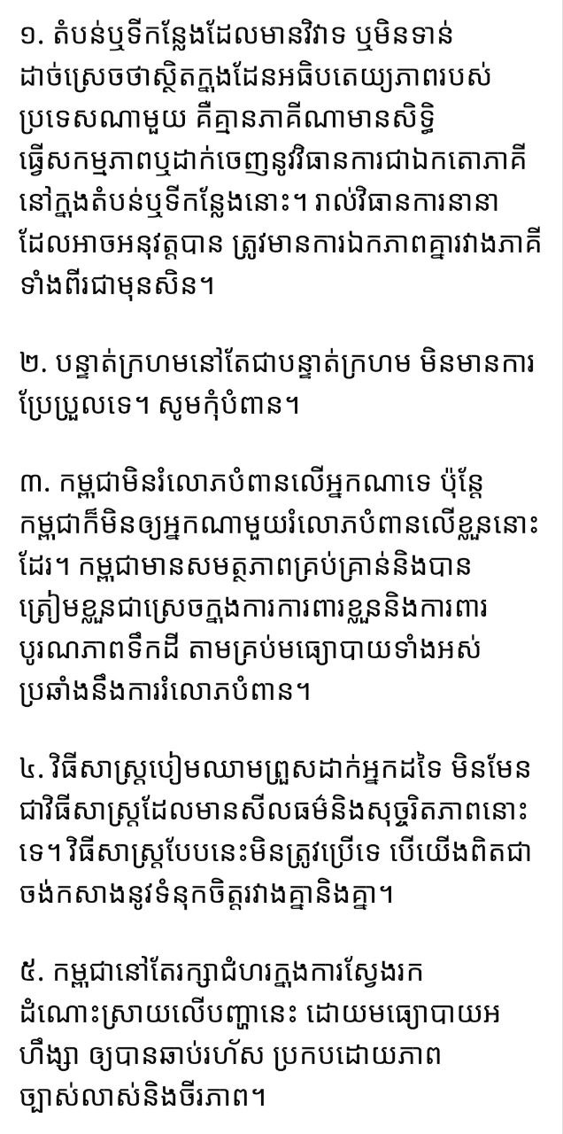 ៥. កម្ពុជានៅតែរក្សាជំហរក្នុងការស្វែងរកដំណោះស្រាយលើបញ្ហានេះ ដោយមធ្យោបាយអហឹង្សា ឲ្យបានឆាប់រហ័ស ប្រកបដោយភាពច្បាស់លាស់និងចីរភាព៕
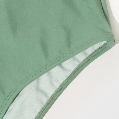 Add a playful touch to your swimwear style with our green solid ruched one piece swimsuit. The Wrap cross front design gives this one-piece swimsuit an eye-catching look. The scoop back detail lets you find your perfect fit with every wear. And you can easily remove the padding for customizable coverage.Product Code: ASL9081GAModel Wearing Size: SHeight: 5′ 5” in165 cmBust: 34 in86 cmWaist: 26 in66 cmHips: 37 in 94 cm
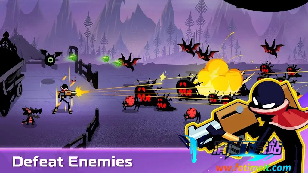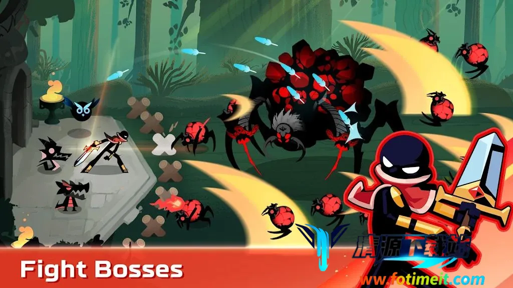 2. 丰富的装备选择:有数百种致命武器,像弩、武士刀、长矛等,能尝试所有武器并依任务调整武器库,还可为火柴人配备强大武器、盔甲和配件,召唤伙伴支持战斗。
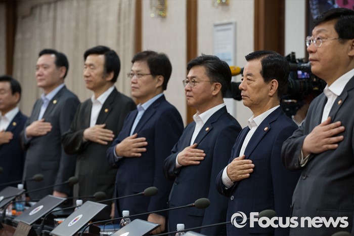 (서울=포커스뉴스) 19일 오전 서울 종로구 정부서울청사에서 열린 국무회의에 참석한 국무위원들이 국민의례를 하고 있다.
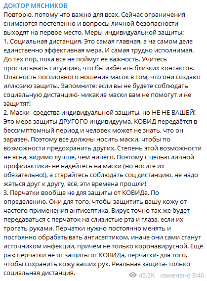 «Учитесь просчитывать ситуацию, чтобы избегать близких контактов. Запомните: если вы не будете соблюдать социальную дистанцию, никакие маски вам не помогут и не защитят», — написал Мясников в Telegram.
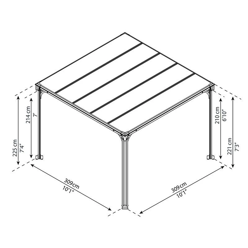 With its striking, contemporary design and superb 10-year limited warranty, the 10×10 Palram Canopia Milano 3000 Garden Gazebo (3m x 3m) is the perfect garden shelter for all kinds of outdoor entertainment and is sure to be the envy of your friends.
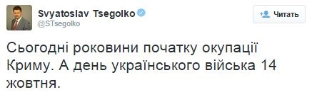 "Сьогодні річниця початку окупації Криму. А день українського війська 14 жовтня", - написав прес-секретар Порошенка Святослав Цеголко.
--
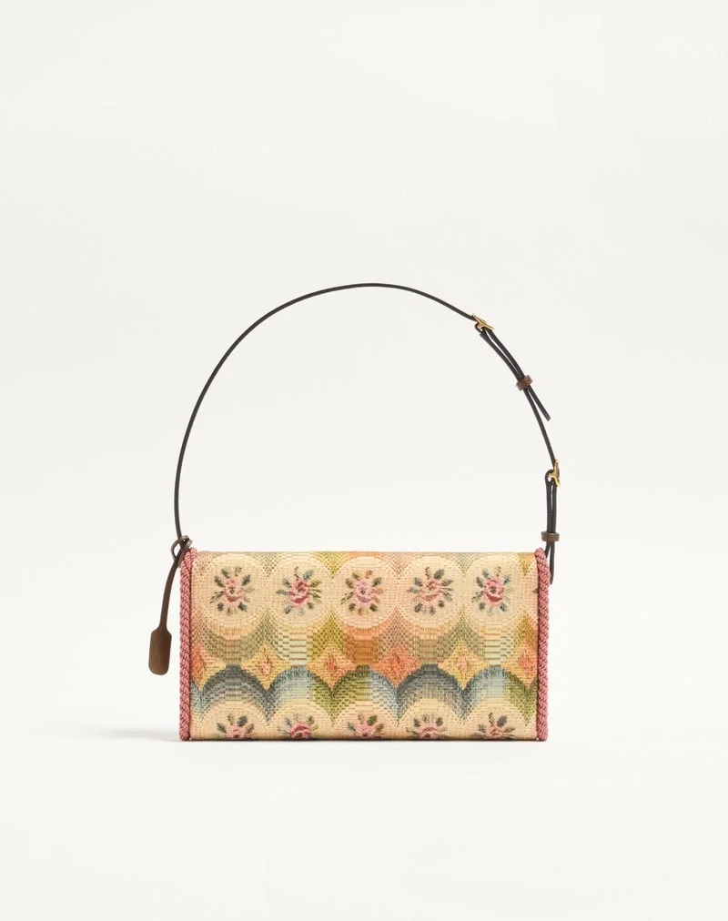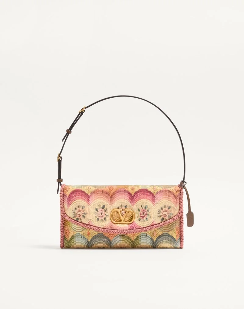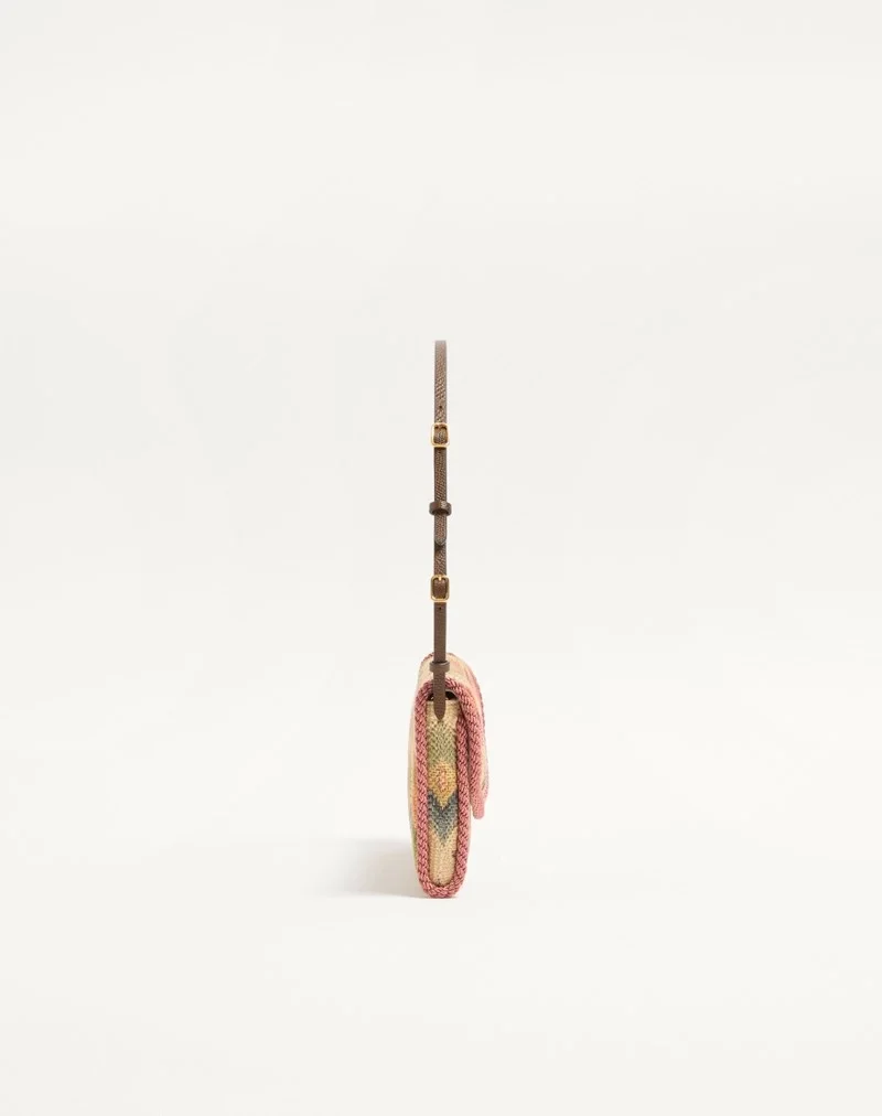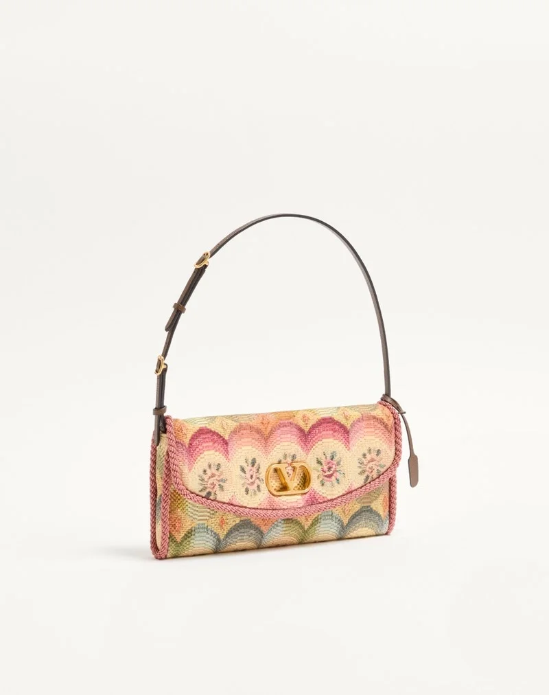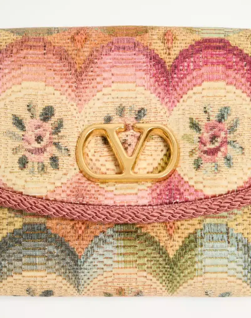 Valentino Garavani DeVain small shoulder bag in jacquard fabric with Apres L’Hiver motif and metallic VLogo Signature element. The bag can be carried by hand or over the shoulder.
--
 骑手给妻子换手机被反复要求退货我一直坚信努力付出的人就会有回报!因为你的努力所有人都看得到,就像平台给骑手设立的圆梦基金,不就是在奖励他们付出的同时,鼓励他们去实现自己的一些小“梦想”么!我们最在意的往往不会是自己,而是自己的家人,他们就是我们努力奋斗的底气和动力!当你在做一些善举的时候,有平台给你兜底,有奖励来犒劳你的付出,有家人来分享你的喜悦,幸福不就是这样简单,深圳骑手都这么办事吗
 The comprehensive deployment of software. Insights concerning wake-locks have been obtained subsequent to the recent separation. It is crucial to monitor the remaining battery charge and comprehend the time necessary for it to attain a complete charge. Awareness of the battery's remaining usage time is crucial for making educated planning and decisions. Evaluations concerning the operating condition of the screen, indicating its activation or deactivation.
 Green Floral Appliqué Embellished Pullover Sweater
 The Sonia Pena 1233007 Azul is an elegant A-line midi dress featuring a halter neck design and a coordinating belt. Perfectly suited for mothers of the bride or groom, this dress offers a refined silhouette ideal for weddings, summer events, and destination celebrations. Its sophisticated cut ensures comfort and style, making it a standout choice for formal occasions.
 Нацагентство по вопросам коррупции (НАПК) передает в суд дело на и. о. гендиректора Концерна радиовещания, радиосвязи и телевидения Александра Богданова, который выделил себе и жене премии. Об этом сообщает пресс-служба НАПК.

* The problem
Find every line in the listing that has the string "making", then give the count by itself.

* Written answer
2